А что оставалось Джотто?
Джотто ведь осиротел. Потому что Спейд – с Рикардо. Делает то, что должен – вылизывает пятки новому боссу. Асари заперт «изоляцией» на Родине. Джи с Лампо на деле, а Кнакл пропадает на проповедях. Самому Вонголе нездоровилось, хотя, это был для него так, пустяк. Но добивало как раз таки ощущение тоски. Он знал, что скоро приедет его семья, особняк наполнится звуками, криками и шумом. Но ведь не будет того льда, четко распределяющего часы «потехи» и «дела», больше не завопит Лампо, увидав бесшумно подошедшего Алауди. Не было того черногривого солнца, которое одним своим появлением заполняло все пространство. Не было вечно ехидствующего Спейда.
Голова. Шла кругом. Как на карусели. Что-то слышалось. Но он больше не поверит. В глюки, шорох и голоса. Вера лежит. Вот тут, перед ним. Под мраморными надгробиями. Зарывшись в пшенице волос и утонув в шоколаде глаз.
Неимоверно хотелось спать. Голова словно набилась опилками, ноги – ватой, а тело заполнил липкий и хладный свинец.
И ведь Примо знал, что болен. Что не стоит выходить.
Но ведь это его вера. Ведь он из года в год, каждый месяц приносил цветы. Не служанки, не его семья, а именно он. Он салютовал тем, кто лежал в сырой земле, храня свои секреты.
- Вонгола. Твои поступки глупы и безрассудны, - голос, пробивающийся сквозь внезапно зашуршавший дождь. Тот самый. Холодный, отрезвляющий, чуть надменный. Сталь глаз, цвет которых приобрели тучи, завидуя оттенку столь рокочущему и хладному.
- Джотто.

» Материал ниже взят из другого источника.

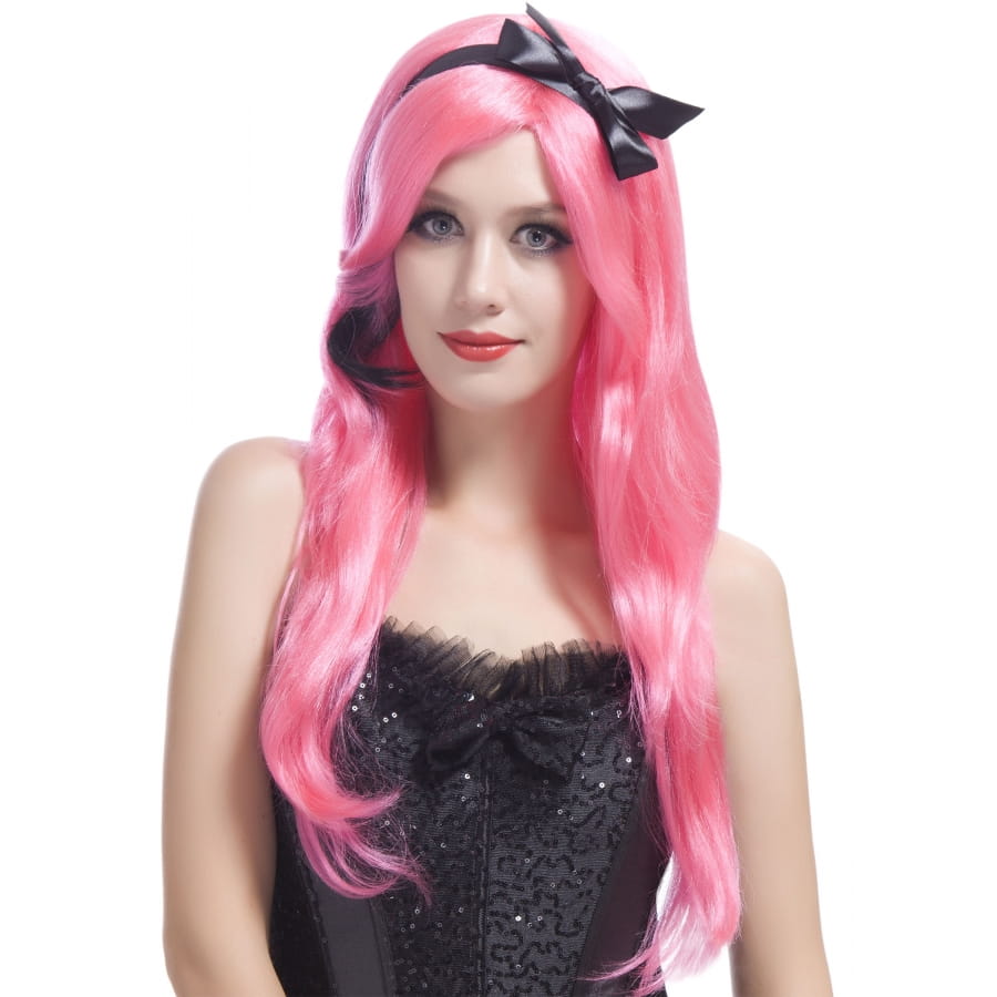 Les avis clients concernant longue perruque rose fluo avec noeud noir

Поспи. Все потом, - мягкость и уверенность в легкой хрипотце. Мнимый жар подхватывающих рук. Обманчивость присутствия.
И никто не мог предсказать, но все случилось так, как случилось.
Джотто Вонгола, верный друг и соратник, умер. Просто потому что его скосила болезнь.
Но трудно не согласиться. Увидеть перед смертью Веру – желание воистину благородное, возможность действительно удивительная.